To recap I am building my blog using Observable as the Content Management System (CMS) interface to a statically deployed site (Jamstack). The main motivation for building yet-another-static-site-generator is that Observable is a web-based literate programming notebook environment. So the unique angle of this jamstack is that the content interface is programmable and forkable (like this) which gives me unlimited creative freedom and extension points as a technical content author.
Even the deployment toolchain is hosted as a notebook that can be forked and customized. This article describes some of the features so far for the deployment notebook.
So I just got partial deployment working nicely so I thought now would be a good time to summarize the deployment features so far.
Some of my frustrations with existing CMSs are
Content changes either take a long time to propagate, or the overall page is slow, depending on the cache settings.
Deployment can take a long time.
Netlify solves the cache problems with a smart cache. Caches are not cold because the content is actively pushed to the CDN on deploy, and, the old CDN state is invalidated on deploy. So some hard problems are solved just by using Netlify. Thus the website is super fast without the drawback of stale caches.
The other issue is that static sites tend to be slow to deploy due to an O(n) deployment complexity. Again, thanks to Netlify functionality we can send just the content that changes in deployment. Furthermore, thanks to the CMS data model we can model the dependencies across pages so we only need to regenerate the pages that change too.
Netlify offers a deployment API, so we can deploy content directly from a notebook (see the deployStaticFile call).
File record metadata is stored in Firestore which plays well with Observable. Each record includes a tags array. When an article is updated, we do a reverse query for pages that depend on file tags using the "contains-array-any" query operator. Examples of content that do this are the index.html and the rss.xml against any files tagged "article". When an article is deployed, the page indexes are deployed too.

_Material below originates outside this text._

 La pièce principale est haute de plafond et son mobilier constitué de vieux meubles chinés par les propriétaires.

To improve deploy speed, each notebook contains a serverside cell used to render the page preview of the page. The process of deployment is materializing of the preview link into Netlify. As the data exchange is a URL, we are pretty flexible about how content is expressed. The content doesn't even need to be hosted on Observable, for instance, the URL could be external (e.g. for materializing 3rd party libraries)

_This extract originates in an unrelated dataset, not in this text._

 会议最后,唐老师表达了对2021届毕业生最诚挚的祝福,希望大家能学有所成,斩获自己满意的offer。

The other useful thing about using a URL as the content representation, and using serverside cells to generate the content, is that we can parallelize materialization jsut by reading the links in parrallel.
The most awesome thing about building on Observable is that this deployment toolchain is hosted within Observable notebooks too. The Netlify Deployment Manager contains all the Oauth code and API calls used to implement the deployStaticFile library cell. You can see how it works and change it whenever you want!
The next job is to fix the authentication so it's easier for other Observable users to fork my blog examples and deploy their content on their Netlify accounts. We have not reached a usable service yet but it is getting closer!